First, we need to convert the line spacing (d) from lines per millimeter (lines/mm) to meters (m). We can use the following conversion factor:

1 mm = 0.001 m

So, for a grating with 600 lines/mm, the line spacing (d) is:

d = 1 / 600 mm = 0.00167 m

Next, we can calculate the angle θ for the first order maximum (m = 1):

θ1 = sin^(-1)(λ / d)

θ1 = sin^(-1)(600 nm / 0.00167 m)

Calculating this using a scientific calculator or software, the value of θ1 comes out to be approximately 20.25 degrees.

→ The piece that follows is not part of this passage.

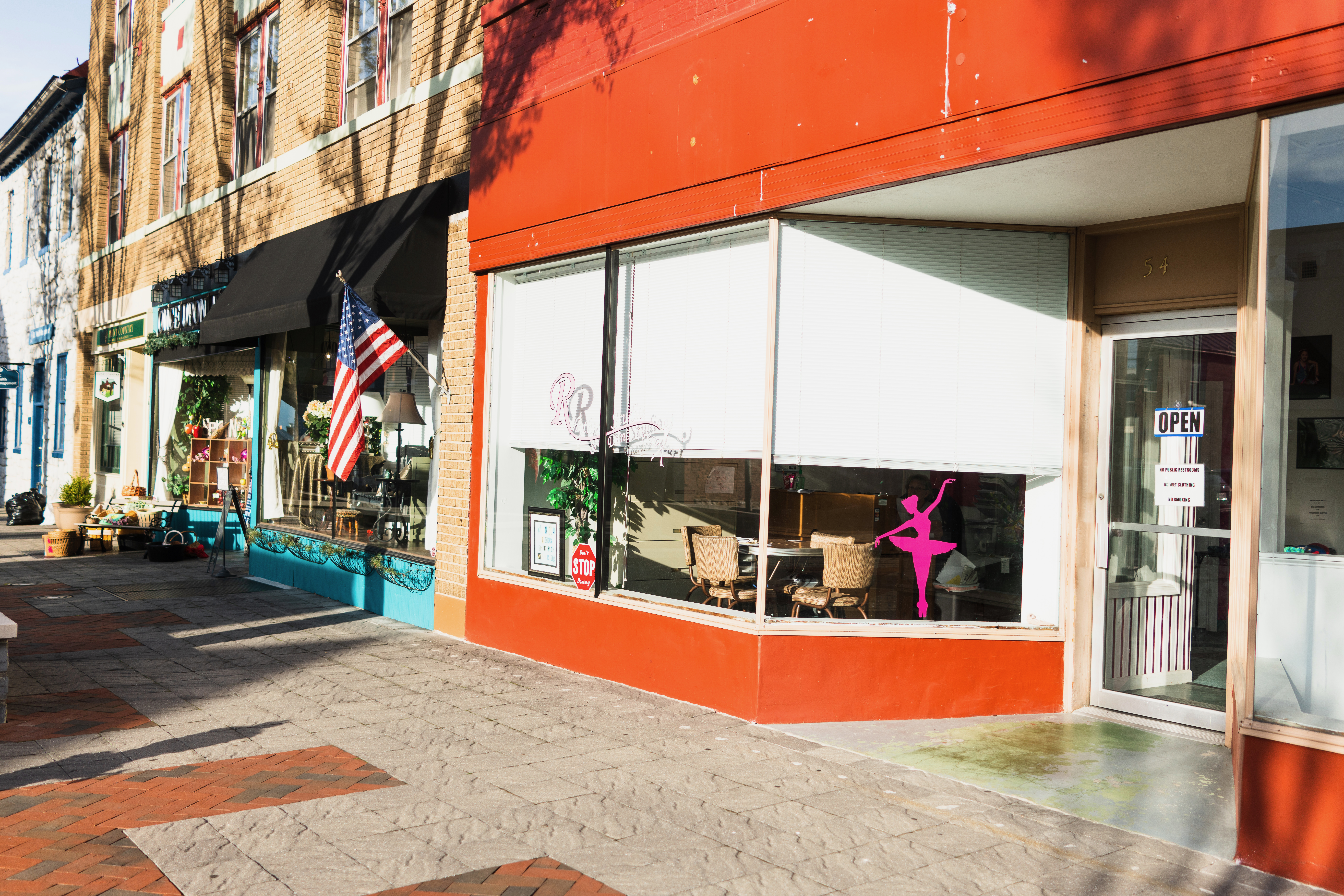 This photograph captures a vibrant street scene where a red storefront contrasts with the muted tones of neighboring shops. The play of sunlight casts dynamic shadows, adding depth to the composition, while the cheerful pink ballet dancer silhouette in the window hints at artistic pursuits within. The overall mood is inviting and lively, suggestive of a community full of character and creativity.

Now, to find the distance from the first order maximum on the screen, we can use some trigonometry. The distance (L) can be calculated from the following equation:

L = x * tan(θ1)

where x is the distance from the grating to the screen.

Given that the screen is placed 0.1 m from the grating, we can substitute this value into the equation:

L = 0.1 m * tan(20.25 degrees)

Calculating this, the value of L comes out to be approximately 0.036 m or 36 mm.

For the second order maximum (m = 2), we can use the same calculations, but with θ2:

θ2 = sin^(-1)(2 * λ / d)

θ2 = sin^(-1)(2 * 600 nm / 0.00167 m)

Calculating this, the value of θ2 comes out to be approximately 43.75 degrees.

Now, using the same equation as before, we can find the distance from the second order maximum on the screen:

L = 0.1 m * tan(43.75 degrees)

Calculating this, the value of L comes out to be approximately 0.150 m or 150 mm.

Therefore, the distance from the first order maximum on the screen is approximately 36 mm, and the distance from the second order maximum is approximately 150 mm.